Cytotoxic responses to 405nm light exposure in mammalian and bacterial cells: Involvement of reactive oxygen species.

Light at wavelength 405 nm is an effective bactericide. Previous studies showed that exposing mammalian cells to 405 nm light at 36 J/cm(2) (a bactericidal dose) had no significant effect on normal cell function, although at higher doses (54 J/cm(2)), mammalian cell death became evident. This research demonstrates that mammalian and bacterial cell toxicity induced by 405 nm light exposure is accompanied by reactive oxygen species production, as detected by generation of fluorescence from 6-carboxy-2',7'-dichlorodihydrofluorescein diacetate. As indicators of the resulting oxidative stress in mammalian cells, a decrease in intracellular reduced glutathione content and a corresponding increase in the efflux of oxidised glutathione were observed from 405 nm light treated cells. The mammalian cells were significantly protected from dying at 54 J/cm(2) in the presence of catalase, which detoxifies H2O2. Bacterial cells were significantly protected by sodium pyruvate (H2O2 scavenger) and by a combination of free radical scavengers (sodium pyruvate, dimethyl thiourea (OH scavenger) and catalase) at 162 and 324 J/cm(2).
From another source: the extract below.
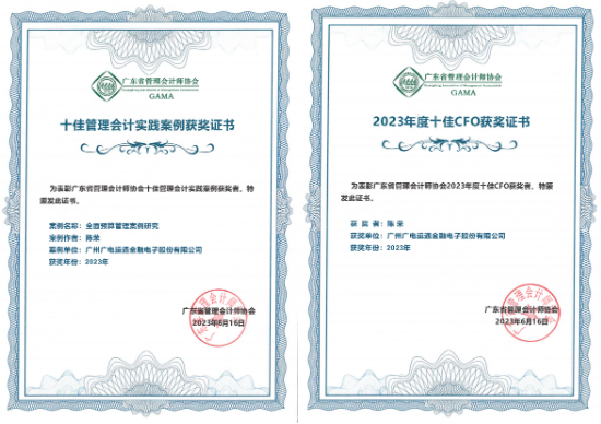 为了推动数智化时代管理会计理论研究与实施落地,引领企业高质量发展,广东省管理会计师协会设置了若干奖项的评比。广电运通凭借《全面预算管理案例研究》获评 “十佳管理会计实践案例”奖项,副总经理陈荣获“2023年度十佳CFO”称号。近年来,广电运通财务团队致力推动全面预算管理和财务转型,深入探索和实践全面预算管理的理念,通过搭建财务智能大数据中心和全面预算平台,引入先进系统并构建敏捷的财务智能数据分析平台,进一步加强了企业管理能力和促进了业务发展,帮助企业应对日益复杂和竞争激烈的商业环境。

Results therefore suggested that the cytotoxic mechanism of 405 nm light in mammalian cells and bacteria could be oxidative stress involving predominantly H2O2 generation, with other ROS contributing to the damage.

Differential sensitivity of osteoblasts and bacterial pathogens to 405-nm light highlighting potential for decontamination applications in orthopedic surgery.

Healthcare associated infections pose a major threat to patients admitted to hospitals and infection rates following orthopedic arthroplasty surgery are as high as 4%. A 405-nm high-intensity narrow spectrum light has been proven to reduce environmental contamination in hospital isolation rooms, and there is potential to develop this technology for application in arthroplasty surgery. Cultured rat osteoblasts were exposed to varying light intensities and it was found that exposures of up to a dose of 36 J/cm2 had no significant effect on cell viability [3-(4,5-dimethylthiazol-2-yl)-2,5-diphenyltetrazolium bromide assay], function (alkaline phosphatase activity), and proliferation rate (BrdU cell proliferation assay). High irradiance exposures (54 J/cm2) significantly affected the cell viability indicating that the effects of 405-nm light on osteoblasts are dose dependent. Additionally, exposure of a variety of clinically related bacteria to a dose of 36 J/cm2 resulted in up to 100% kill. These results demonstrating the differential sensitivity of osteoblasts and bacteria to 405-nm light are an essential step toward developing the technique for decontamination in orthopedic surgery.